## Your task
Report each line of the entries below that has the word "unsur" in it.

## Extracted data
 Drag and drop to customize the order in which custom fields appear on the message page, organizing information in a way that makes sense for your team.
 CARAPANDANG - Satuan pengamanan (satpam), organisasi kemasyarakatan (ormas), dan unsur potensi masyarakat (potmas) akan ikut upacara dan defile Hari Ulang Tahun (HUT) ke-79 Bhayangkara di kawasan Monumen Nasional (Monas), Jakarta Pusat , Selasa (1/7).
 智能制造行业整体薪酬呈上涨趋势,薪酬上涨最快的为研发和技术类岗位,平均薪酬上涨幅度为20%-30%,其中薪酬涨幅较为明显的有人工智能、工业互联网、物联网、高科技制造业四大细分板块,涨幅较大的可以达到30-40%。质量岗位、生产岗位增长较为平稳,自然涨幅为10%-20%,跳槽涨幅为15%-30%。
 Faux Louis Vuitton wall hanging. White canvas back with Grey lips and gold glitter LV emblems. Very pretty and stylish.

--

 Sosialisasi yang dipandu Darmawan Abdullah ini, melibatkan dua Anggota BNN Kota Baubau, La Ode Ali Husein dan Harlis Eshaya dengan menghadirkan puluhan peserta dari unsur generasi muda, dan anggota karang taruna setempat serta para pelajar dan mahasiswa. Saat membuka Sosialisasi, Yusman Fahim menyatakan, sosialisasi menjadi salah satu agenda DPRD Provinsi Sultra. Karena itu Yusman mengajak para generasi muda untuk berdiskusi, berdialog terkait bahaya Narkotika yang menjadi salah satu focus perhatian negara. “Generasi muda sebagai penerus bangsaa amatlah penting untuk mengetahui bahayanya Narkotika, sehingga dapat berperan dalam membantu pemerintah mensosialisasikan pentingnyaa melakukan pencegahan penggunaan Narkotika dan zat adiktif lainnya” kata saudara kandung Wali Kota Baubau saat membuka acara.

## Answer box
 CARAPANDANG - Satuan pengamanan (satpam), organisasi kemasyarakatan (ormas), dan unsur potensi masyarakat (potmas) akan ikut upacara dan defile Hari Ulang Tahun (HUT) ke-79 Bhayangkara di kawasan Monumen Nasional (Monas), Jakarta Pusat , Selasa (1/7).
 Sosialisasi yang dipandu Darmawan Abdullah ini, melibatkan dua Anggota BNN Kota Baubau, La Ode Ali Husein dan Harlis Eshaya dengan menghadirkan puluhan peserta dari unsur generasi muda, dan anggota karang taruna setempat serta para pelajar dan mahasiswa. Saat membuka Sosialisasi, Yusman Fahim menyatakan, sosialisasi menjadi salah satu agenda DPRD Provinsi Sultra. Karena itu Yusman mengajak para generasi muda untuk berdiskusi, berdialog terkait bahaya Narkotika yang menjadi salah satu focus perhatian negara. “Generasi muda sebagai penerus bangsaa amatlah penting untuk mengetahui bahayanya Narkotika, sehingga dapat berperan dalam membantu pemerintah mensosialisasikan pentingnyaa melakukan pencegahan penggunaan Narkotika dan zat adiktif lainnya” kata saudara kandung Wali Kota Baubau saat membuka acara.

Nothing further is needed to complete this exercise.